Incident Report for Swapcard

Postmortem

We are ready to furnish a comprehensive post-incident analysis concerning a service disruption that affected our Event App product. In the course of this incident, Event App users encounter significant latency and impaired user experience leading to “Stay tuned” unavailability pages and potentially causing “Oops, something went wrong” during the login phase.

The purpose of this post-mortem is to share insights into our initial assessment of the situation, as communicated on the Swapcard status page, and to outline the corrective actions we've taken to restore normal service.

Incident Overview

‌

In the first week of November, we identified a technical issue that initially went unnoticed by our internal monitoring system. Typically, incidents of this nature are promptly detected by our automated monitoring system, but this time, it wasn't the case. This delayed the reporting on our status page. We became aware of the incident after receiving reports of service unavailability during a specific timeframe. The Swapcard Response Team promptly addressed this concern by conducting a thorough investigation into the reported timeline.

On October 25th, around 2:00 PM CET, Swapcard experienced a series of both related and unrelated events that exerted significant pressure on our various systems. These events can be summarised as a substantial increase in inbound traffic coinciding with a service redeployment and congestion on our infrastructure nodes. It's worth highlighting that individually, none of these events typically disrupt our services. Swapcard is accustomed to efficiently managing large trade shows with numerous attendees and a continuous influx of inbound requests without causing any disruptions.
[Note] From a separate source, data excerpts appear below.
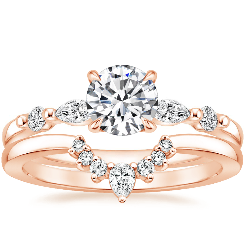 14K Rose Gold Petite Versailles Diamond Ring (1/6 ct. tw.) with Lunette Diamond Ring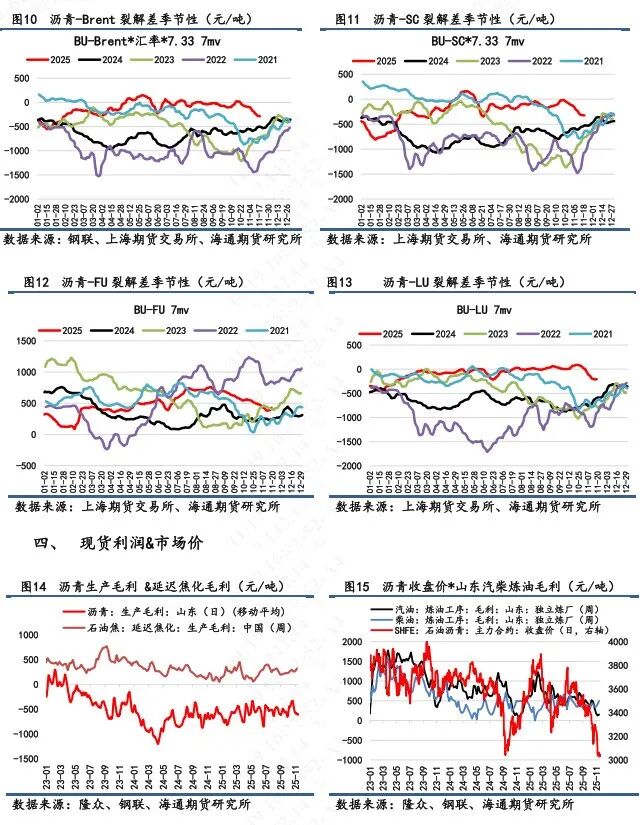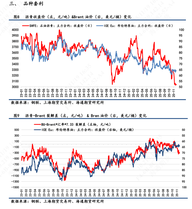 【2】现货市场:①山东重交沥青市场价为3030元/吨,环比持平,7天累计 0.7%。山东基差为-15元/吨,7天累计 11元/吨,基差季节性回落幅度收窄。②华东重交沥青市场价为3270元/吨,升水期货。华东基差为225元/吨,7天累计-79元/吨。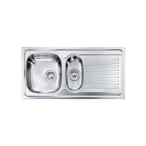 Lavello serie Mondial cm 100×50 due vasche sinistre e gocciolatoio, foro 3, incasso standard, foro incasso cm 113,5 x 47,5 , acciaio inox satinato AISI 304-18/10.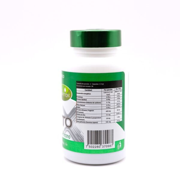Ciruelo africano, saw palmetto, licopeno de jitomate, óxido de zinc.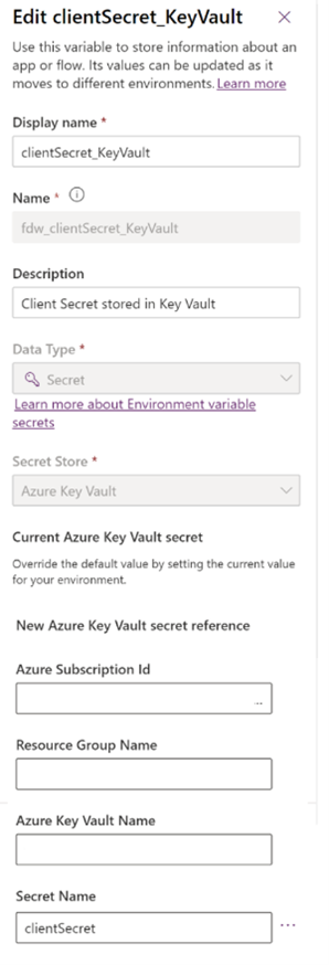 For the ClientSecret_KeyVault, the path to be entered as the current value, in this case, are shown as separate fields.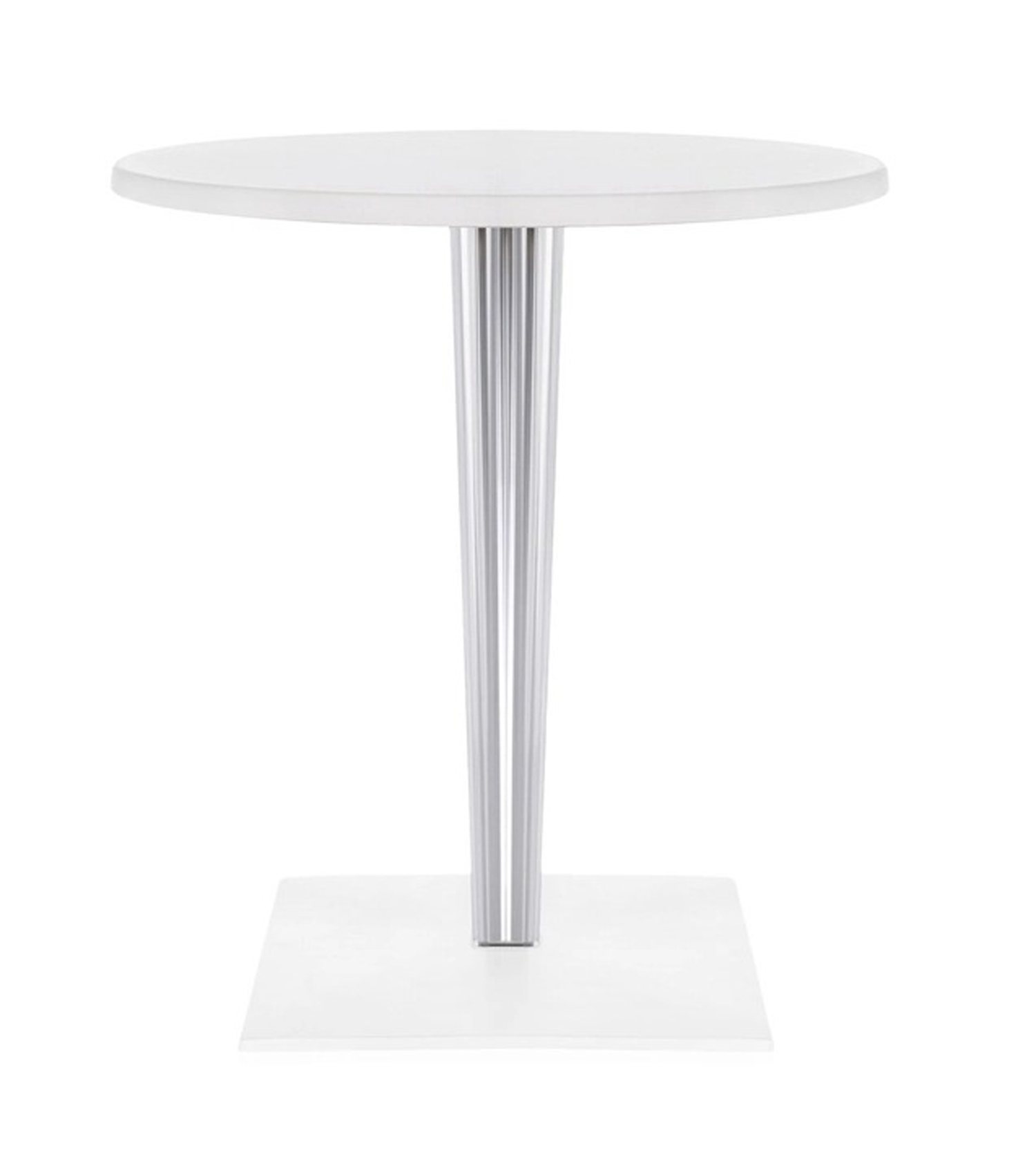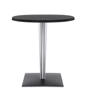 La série des tables TopTop se distingue par son piètement transparent ou non, rond ou carré à facettes, renforcée par une âme en métal.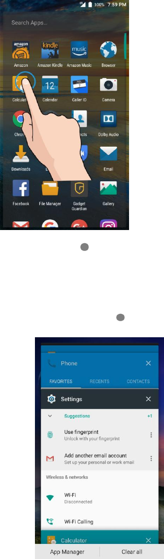 Displays a list of recently used applications or access the Split Screen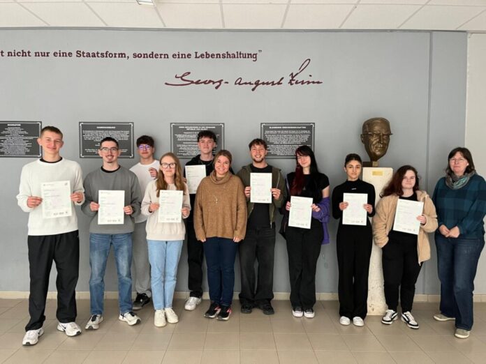 Die Prüfungen hatten die Schüler bereits im Juli an einem externen Institut abgelegt. Kursleiterinnen Nina Ohl und Constanze Angstenberger freuten sich, dass alle Teilnehmer die Prüfung bestanden und viele sogar ein höheres Niveau als erwartet erreicht haben. Aufgrund der positiven Ergebnisse wird das Angebot in den kommenden Schuljahren fortgeführt und ausgebaut. red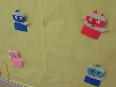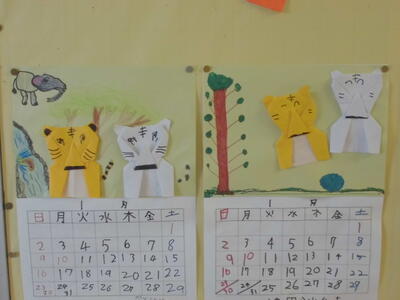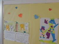 ↓ たんぽぽ・ひまわり学級の廊下の掲示。トラの手作りカレンダーなどが貼られています。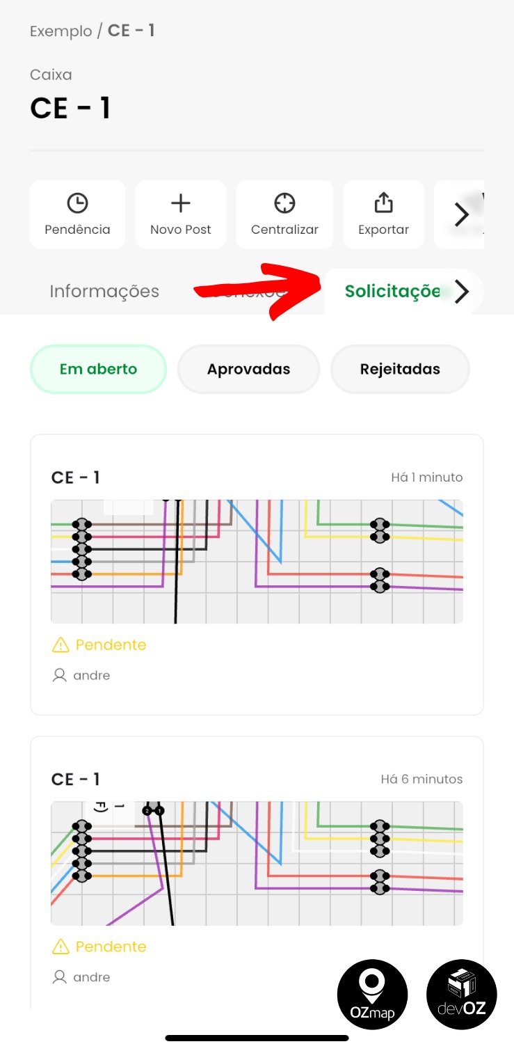 Com o módulo ativo, o OZmap irá mostrar uma nova aba: Solicitações de alteração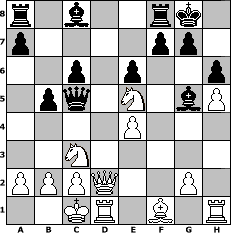 game notation in PGN-format [Event "Dabei ist alles 9"] [Site "www.myChess.de"] [Date "2010.03.22"] [Round "1"] [White "Knight"] [Black "Naunhofer"] [ECO "A45"] [WhitemyELO "1135"] [BlackmyELO "1574"] [Result "0-1"] [TimeControl "10/864000"] [WhiteDays "10"] [BlackDays "10"] [MyChessNo "64214"] 1. d4 Nf6 2. Nc3 d5 3. f3 b6 4. e4 e6 5. Bg5 Be7 6. Bb5+ c6 7. Bd3 dxe4 8. fxe4 Qxd4 9. Nf3 Qc5 10. Bxf6 Bxf6 11. Qd2 Nd7 12. O-O-O O-O 13. h4 b5 14. h5 h6 15. Bf1 Ne5 16. Nxe5 Bg5 0-1 position notation in FEN-format r1b2rk1/p4pp1/2p1p2p/1pq1N1bP/4P3/2N5/PPPQ2P1/2KR1B1R - - - 1 17 Captured white pieces: Captured black pieces: Click on a captured piece in order to display the desired move!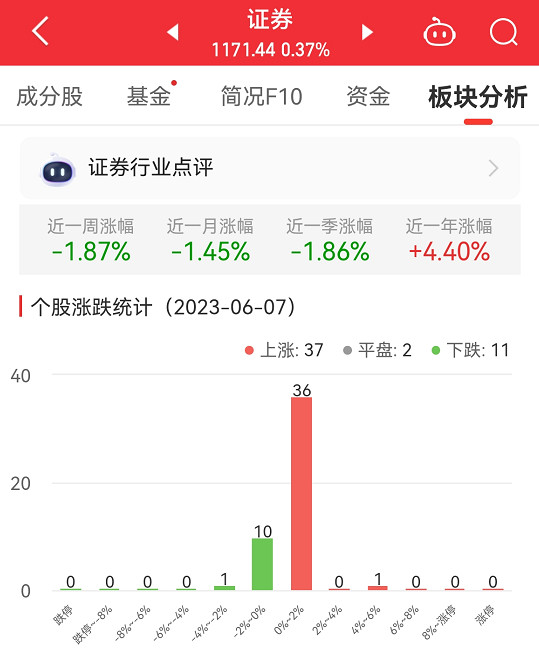 中国经济网北京6月7日讯 今日,证券板块整体涨幅0.37%,其中,37只股票上涨,2只股票平盘,11只股票下跌。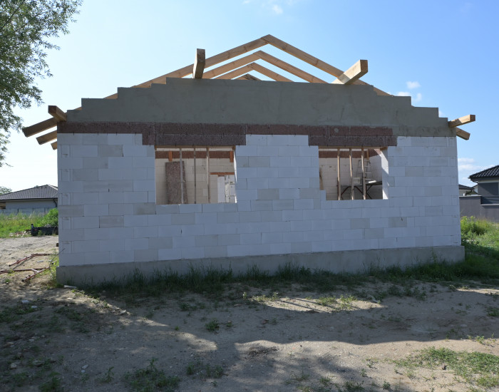 RODINNÝ DOM: novostavba, celková zastavaná plocha je 123,50 m2 a úžitková plocha je 100,2 m2. Rodinný dom má 4 obytné izby a je vyhotovený z kvalitných materiálov. Betónové základy s vodorovnou izoláciou proti zemnej vlhkosti, obvodové murivo je Ytong hrúbky 30 cm, zateplenie rodinného domu je polystyrén hrúbky 15 cm, krov je drevený sedlového tvaru, strešná krytina je betónová škridla Bramac, zateplenie strechy je minerálna vlna hrúbky 30 cm. Kúrenie je teplovodné podlahové a zároveň na ohrev vody slúži tepelné čerpadlo, plastové okná s izolačným 3 sklom, vstupné dvere hliník plast, vápenocementové omietky, pochôdzna povala, betónová terasa s ventilom na vodu, vonkajšie parkovacie státia a prístupový chodník do domu zo zámkovej dlažby. Predpríprava na krb, vonkajšie elektrické žalúzie, elektrickú bránu, klimatizáciu, alarm, kamerový systém a fotovoltaiku. Oplotenie pletivový plot z troch strán. Vyhotovenie holodom, možnosť dokončenia do štandardu.
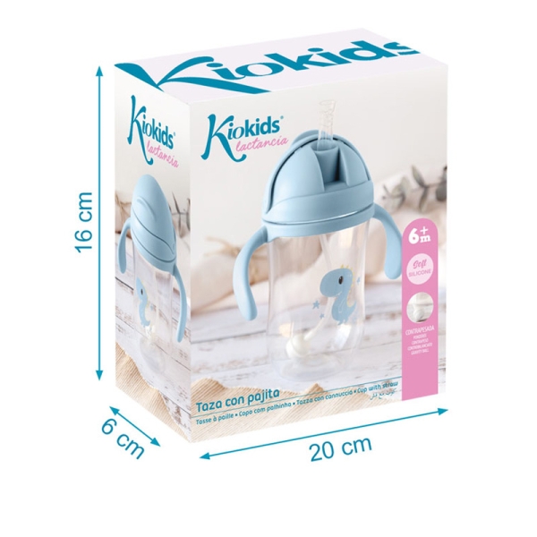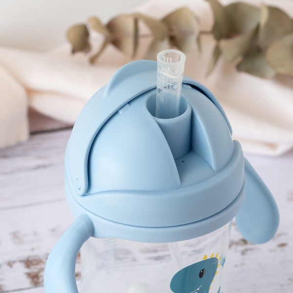 Παγουράκι της σειράς Little Dinosaur από την Ισπανική Kiokids, με ανατομικές λαβές και αντισταθμισμένο καλαμάκι για να πίνει το μικρό σας όπως και να κρατάει το ποτηράκι.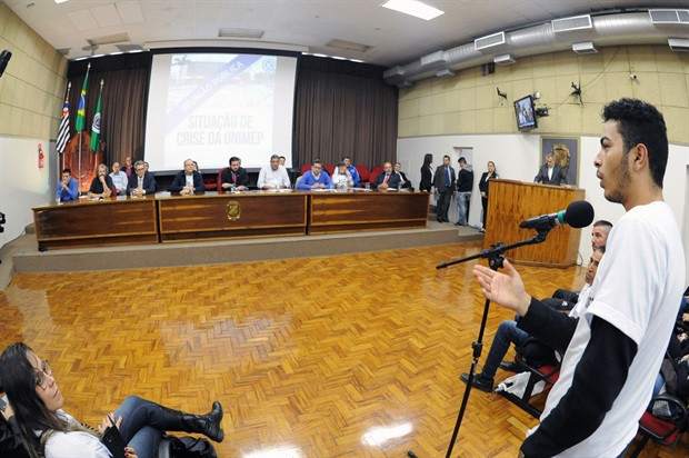 Em quase duas horas e meia, o ato na Câmara abriu espaço para a fala de 18 autoridades e do público presente. Pela Unimep, discursaram o reitor destituído Márcio de Moraes, o presidente do Sindicato dos Professores de Campinas e Região, Carlos Virgilio Borges, o presidente da Adunimep (Associação dos Docentes da Unimep), Milton Schubert, o presidente da Associação dos Funcionários do Instituto Educacional Piracicabano, David Wesley Marques, o diretor da Faculdade de Direito da Unimep, Jarbas Martins Barbosa de Barros, e a representante dos alunos Nathália Navarro.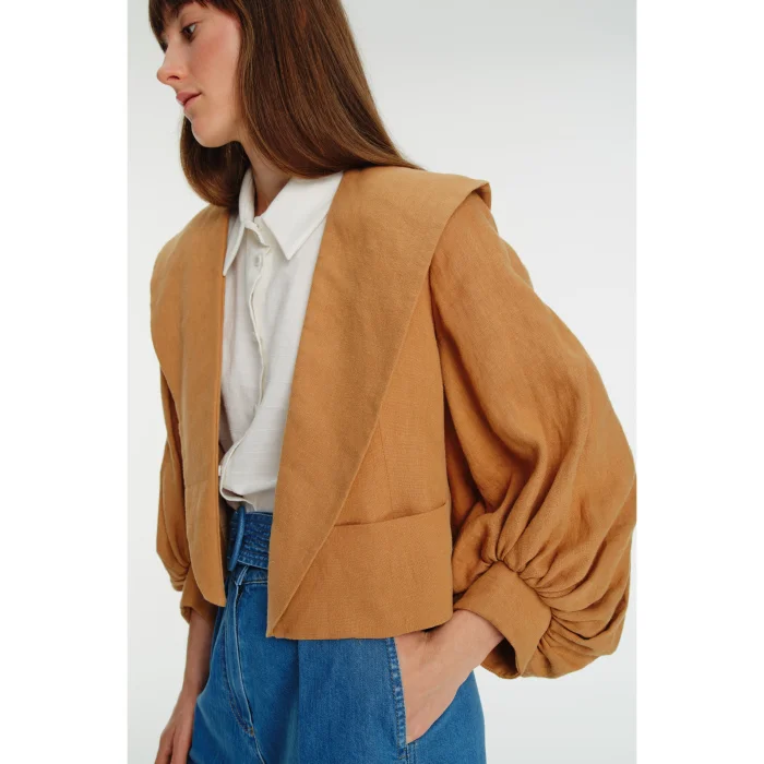 Şal yakasıyla farklı bir stil yaratmanızı sağlayacak olan bu ceket, keten kumaşıyla da sezona ayak uydurmayı başarıyor.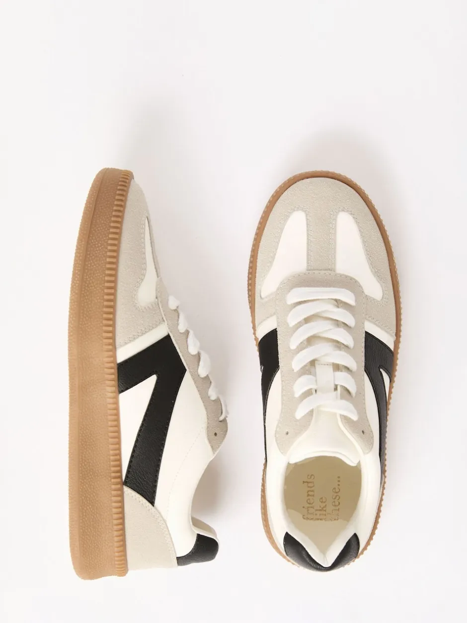 Friends Like These – Baskets de sport à lacets rétro à semelle en gomme Blanc noir Clearance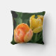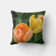 Tulipas de pêssego e ouro sombreadas decoram esta ideia de decoração de travesseiro de algodão, lindas cores!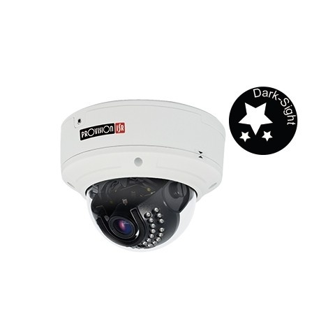 PROVISION-ISR Dark-Sight inframegvilágítós kültéri vandálbiztos 5 megapixeles IP dome kamera, 2592x1944/2688x1520/2048x1536/1920x1080/1280x960/1280x720 felbontás valós időben (30fps), H.264/H.265 tömörítés, ONVIF, 1/1,8 Sony CMOS képérzékelő, 3,3-10,5 mm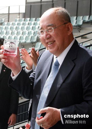 中國國民黨主席吳伯雄現場獲贈球場比賽開出的第一枚棒球作為紀念。 中新社發 廖文靜 攝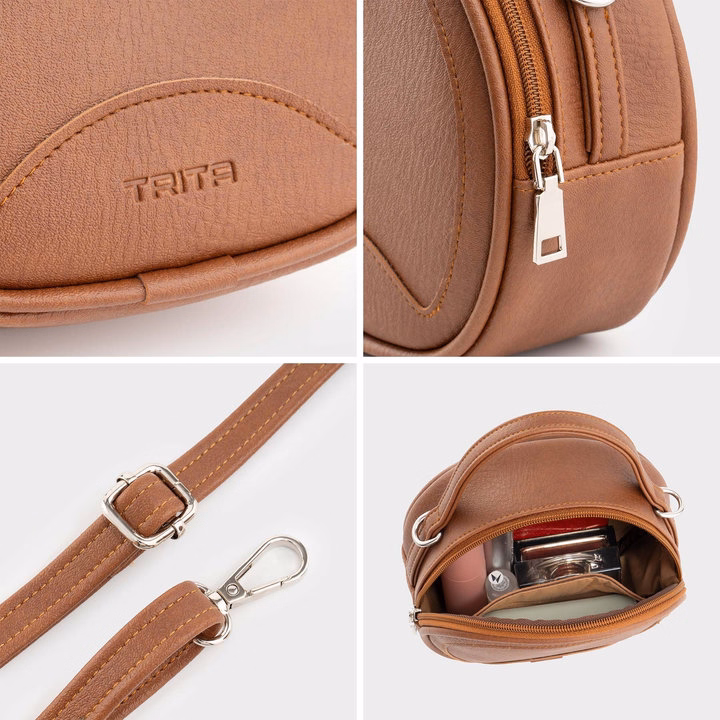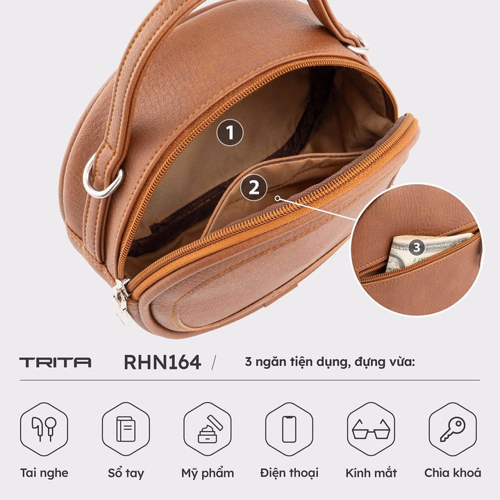 Túi đeo vai cao cấp Trita Rhn164 gây ấn tượng mạnh với form tròn lạ mắt, kết hợp kiểu đeo đa dạng như đeo chéo, đeo vai, xách tay đều rất thời thượng và tiện lợi. Túi có thể đựng vừa ví tiền mini, điện thoại và mỹ phẩm như son, kem chống nắng, son dưỡng, … Bên cạnh chất liệu da tổng hợp chống thấm nước giúp bảo quản trang bị bên trong tốt hơn thì việc thiết kế ngăn phụ ở mặt sau túi còn giúp người dùng cất giữ hoặc lấy đồ đạc được nhanh chóng và dễ dàng hơn.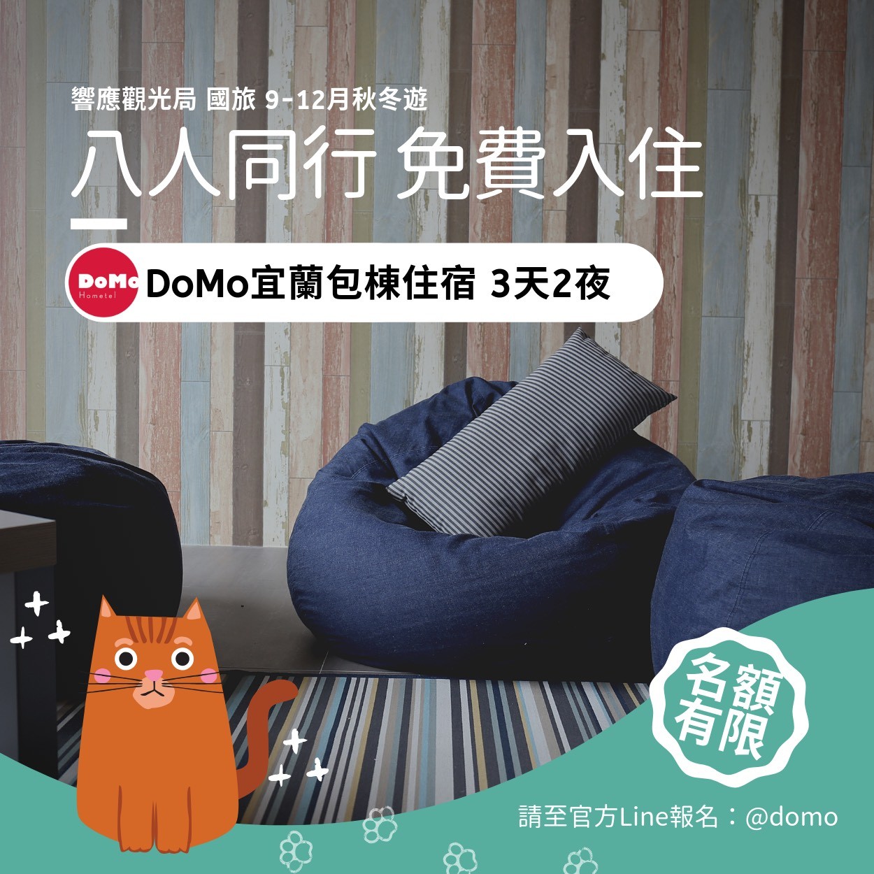 ▼為了響應觀光局的活動方案,DOMO 集團在完成登記觀光局開放系統給旅宿業者參加的秋冬遊補助方案後,隨即宣佈將開放9月1日至12月31日為止,8位旅客以上在週日至週五期間,入住宜蘭 DOMO 民宿3天2夜就能享有房價全免的優惠!

In order to avoid singling out a particular event, we regard these occurrences as a singular disruption. Our investigation has revealed that it is the culmination of various unexpected events that leads to disruptions in the user experience on our Event App.

The system has automatically recovered from this disruption ~5min after the start of the disruption at 2:05 PM CET, this automatic recovered is the success of the several safe-guard implemented by our Site Reliability Engineering team to ensure fast recover and mitigation of such incidents for our customers and end-users.

Mitigation and Resolution

As soon as the incident was reported, our team immediately initiated an investigation to ensure a thorough understanding and accurate reporting of the situation. Throughout the investigative phase, which took place from November 1st to November 2nd, the team identified several areas for improvement to enhance the management of both related and unrelated events, which are seldom encountered together.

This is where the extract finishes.